To accommodate changes and upgrades, compressors need to be built with a modular structure in which parts can be easily swapped. At the moment, customers seeking an upgrade can be shown a variety of appropriate alternative components from which to choose. In the near future, they will be given the option of fully customised components, thanks to the growing availability of additive metal manufacturing and other agile production techniques.

But can customers be sure that the cost of upgrades will be justified by the improvement in performance achieved? In one new model for covering the costs, for example, BOGE gives a guarantee that the price of the upgrade will be paid for by the resulting energy savings. In this way the end user shares in the cost but takes no risk.

Help from Industry 4.0

Assessment of whether upgrading or reconfiguring of air compression equipment is necessary can now be aided by Industry 4.0 technology. In this scenario, advanced internet-connected monitoring and diagnostic capabilities, built into each compressor’s control system, routinely log machine performance and energy consumption. 

The information gathered is transmitted securely to the supplier, whose simulation tools evaluate efficiency against the maximum possible. Reports indicate the changes in operation or configuration that could improve those figures. If there has been a substantial change in the user’s demand for compressed air, the tool may recommend upsizing or downsizing of components for more efficient operation.

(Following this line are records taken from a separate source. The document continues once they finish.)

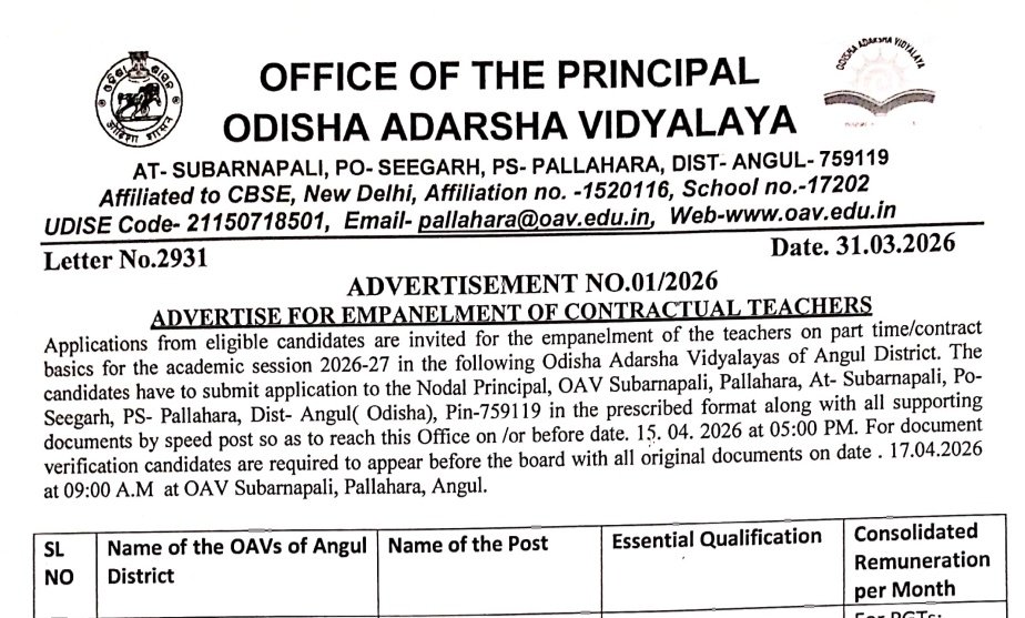 Odisha Adarsha Vidyalaya, Angul District has announced a recruitment notification (Advt No. 01/2026) for the post of Contractual Teacher. Candidates who have completed Post Graduation are eligible to apply, and applicants must be between 18 to 65 years of age. This opportunity is open to candidates belonging to Odisha. The recruitment will be conducted through an offline application process, followed by a walk-in interview scheduled on 17 April 2026. Interested candidates must ensure they submit their applications before the last date, 15 April 2026. This is a contract-based teaching position offering a valuable opportunity in the education sector under Odisha Adarsha Vidyalaya, Angul.
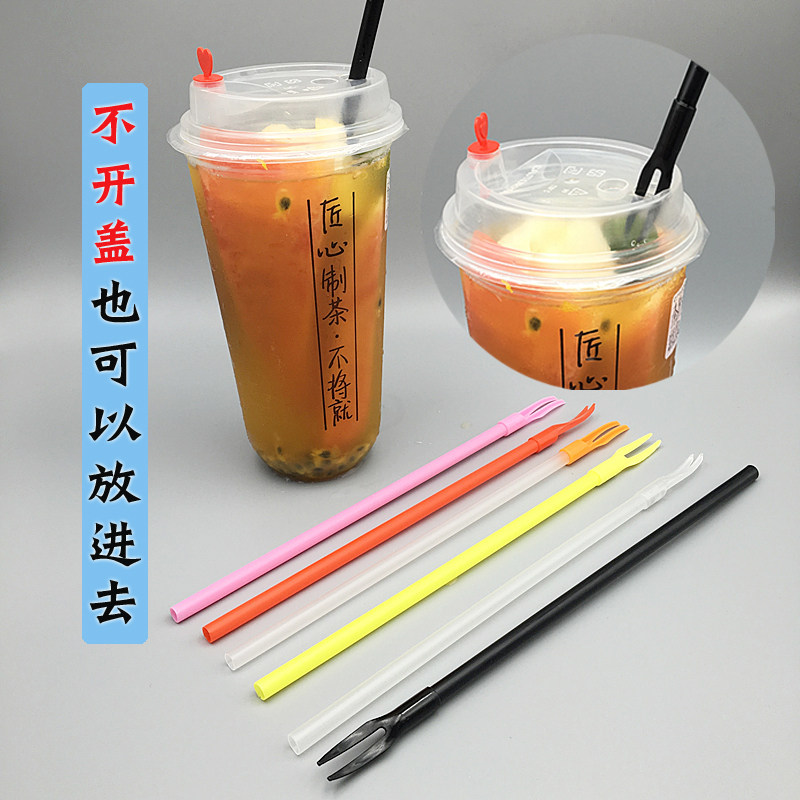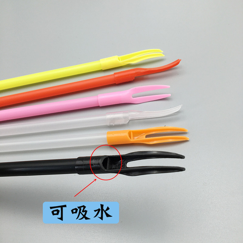 Pellets extend disposable fruit fork fruit tea long fork straw fork dual plastic long - handle milk tea store fork fork
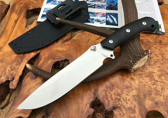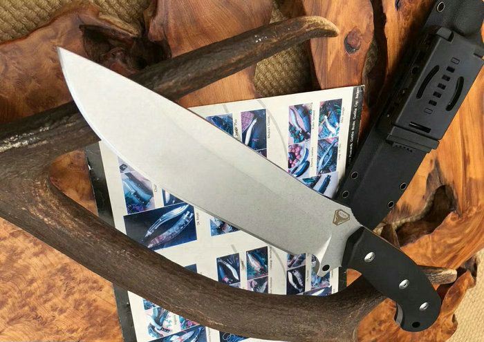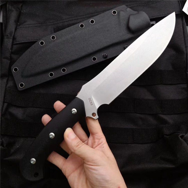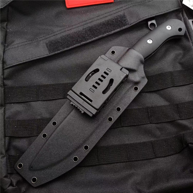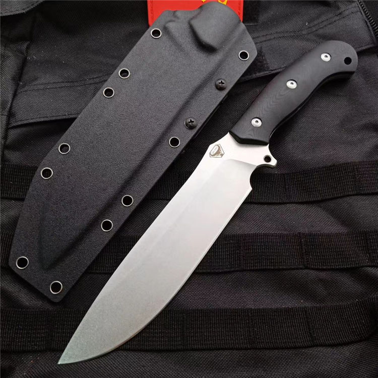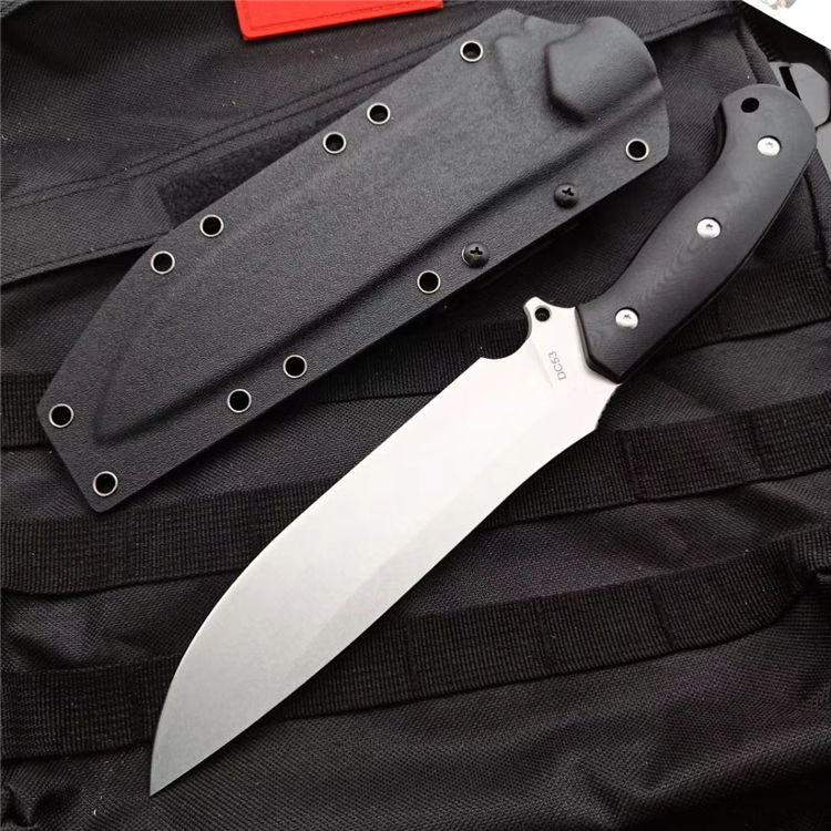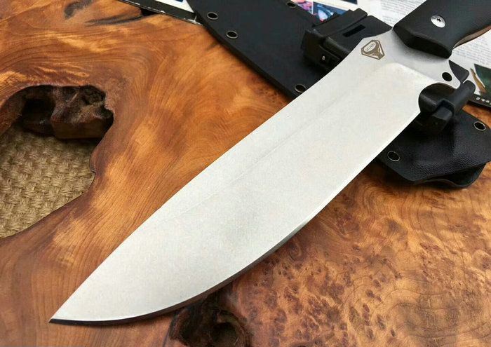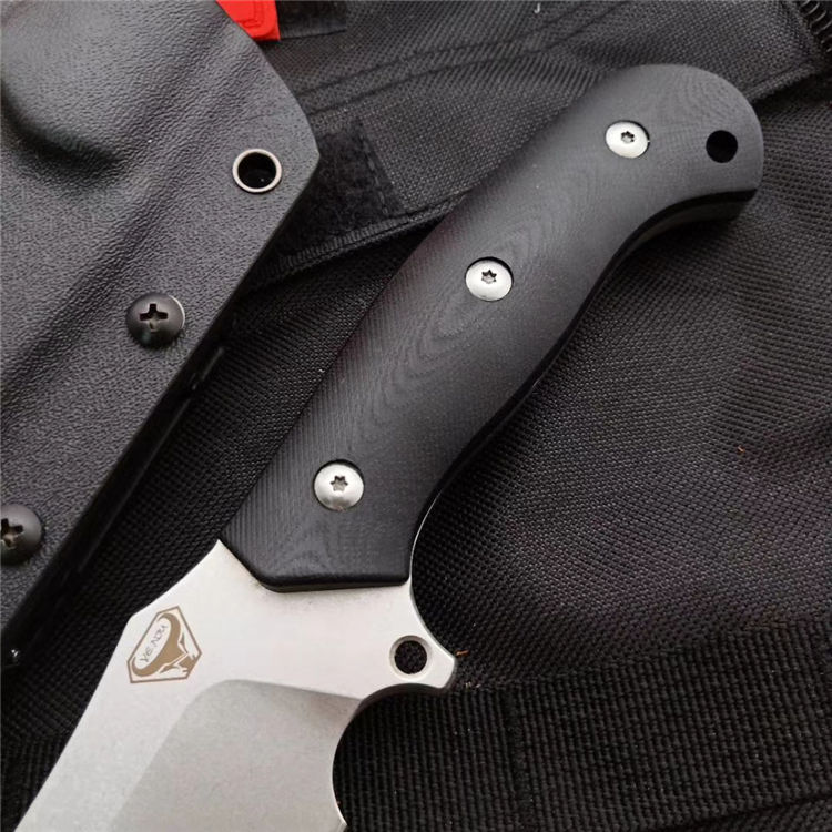 野牛二代直刀 全 长:31.5CM 刃 长:19CM 柄 长:12.3CM 刃 宽:42mm 刃 厚:5.5mm 刃 材:DC53 重 量:750克 刀 鞘:进口战术K鞘2.0厚 表 面:石洗 柄 材:一体钢黑红G10 热处理:真空油淬 硬 度:60HR
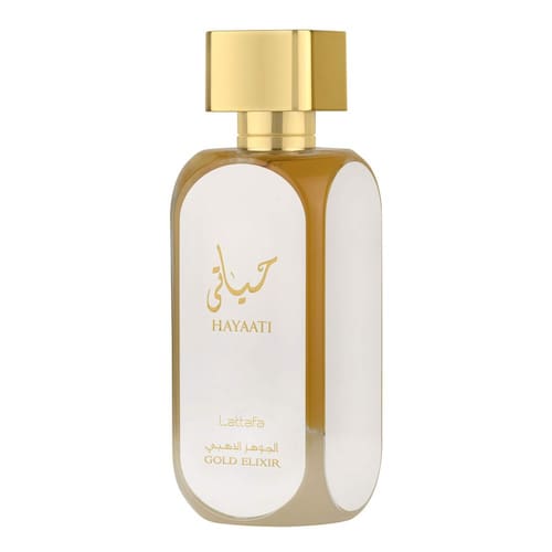 Spray de eau de parfum Lattafa Hayaati Gold Elixir para unissex, 3,4 onças — As notas principais são bergamota, cassis e toranja — As notas médias são couro, pêssego e açafrão — As notas de base são baunilha, âmbar, almíscar e vetiver — Hayaati Gold Elixir da Lattafa Perfumes é uma fragrância para mulheres e homens

If a new and improved component has been developed, the tool will quantify the effect of upgrading with it.

Along with smart remote monitoring and reporting, Industry 4.0 technologies offer help to users to get the best from their compressors by enabling efficient predictive maintenance, diagnostics and repairs. Artificial intelligence technology can be applied to learn how a compressor operates and performs normally, and to warn of any abnormal behaviour. Engineers can then determine, remotely, whether further investigation or action is needed.

In the Industry 4.0 world, you might not even have to wait for the supplier to come and repair your compressor. Wearing smart glasses, the customer’s engineer can share his or her view of the equipment with the supplier’s engineer, who will give step-by-step guidance on repairing it.